Perry Jeter

No. 21, 27
- Position: Halfback

Personal information
- Born: May 17, 1931 Brevard, North Carolina, U.S.
- Died: May 18, 2019 (aged 88) Steubenville, Ohio, U.S.
- Listed height: 5 ft 7 in (1.70 m)
- Listed weight: 178 lb (81 kg)

Career information
- High school: Steubenville
- College: Cal Poly (1953–1954)
- NFL draft: 1955 (26th round, 311th overall pick)

Career history
- Chicago Bears (1956–1957); Wheeling Ironmen (1962-1964);

Career NFL statistics
- Rushing yards: 327
- Rushing average: 4.7
- Receptions: 7
- Receiving yards: 61
- Total touchdowns: 3
- Stats at Pro Football Reference

= Perry Jeter =

American football player (1931–2019)

Perry Jeter (May 17, 1931 – May 18, 2019) was an American professional football halfback. He played for the Chicago Bears from 1956 to 1957.

Jeter died of Alzheimer's disease on May 18, 2019, in Steubenville, Ohio at age 88.

== Early life ==
Jeter graduated from Steubenville High School in Ohio. In a 1950 game against McKinley of Canton, Jeter scored on a 109-yard kickoff return, a still-standing record for the longest touchdown runback in Harding Stadium history.

== College career ==
Jeter transferred to Cal Poly San Luis Obispo from San Bernardino Valley College.
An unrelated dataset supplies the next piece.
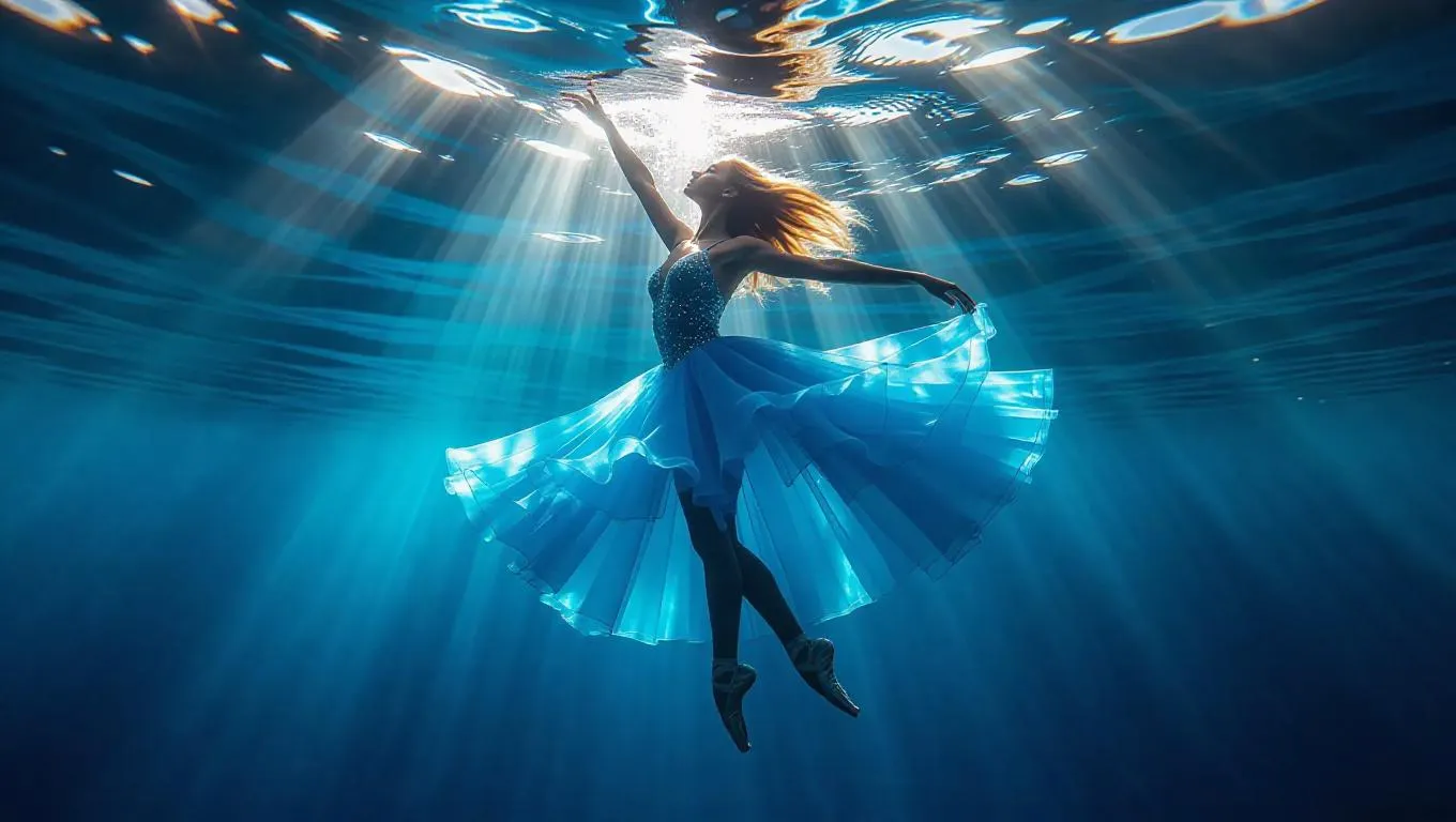 Surreal underwater ballet dancer, composed of shimmering water and radiant light, gracefully gliding through a crystalline, vibrant sea, surrounded by soft waves, creating a mesmerizing dance of colors and motion.

While attending SBVC, Jeter earned junior college All-American accolades as a sophomore.

In December 1955, Jeter was nominated for the Pop Warner Award. Combined from his three seasons with Cal Poly, Jeter finished with 260 carries for 1,740 rushing yards, along with 31 all-purpose touchdowns and numerous point-after conversions.

== Professional career ==
Jeter was selected by the Bears in the 26th round of the 1955 NFL draft, with the 311th overall pick.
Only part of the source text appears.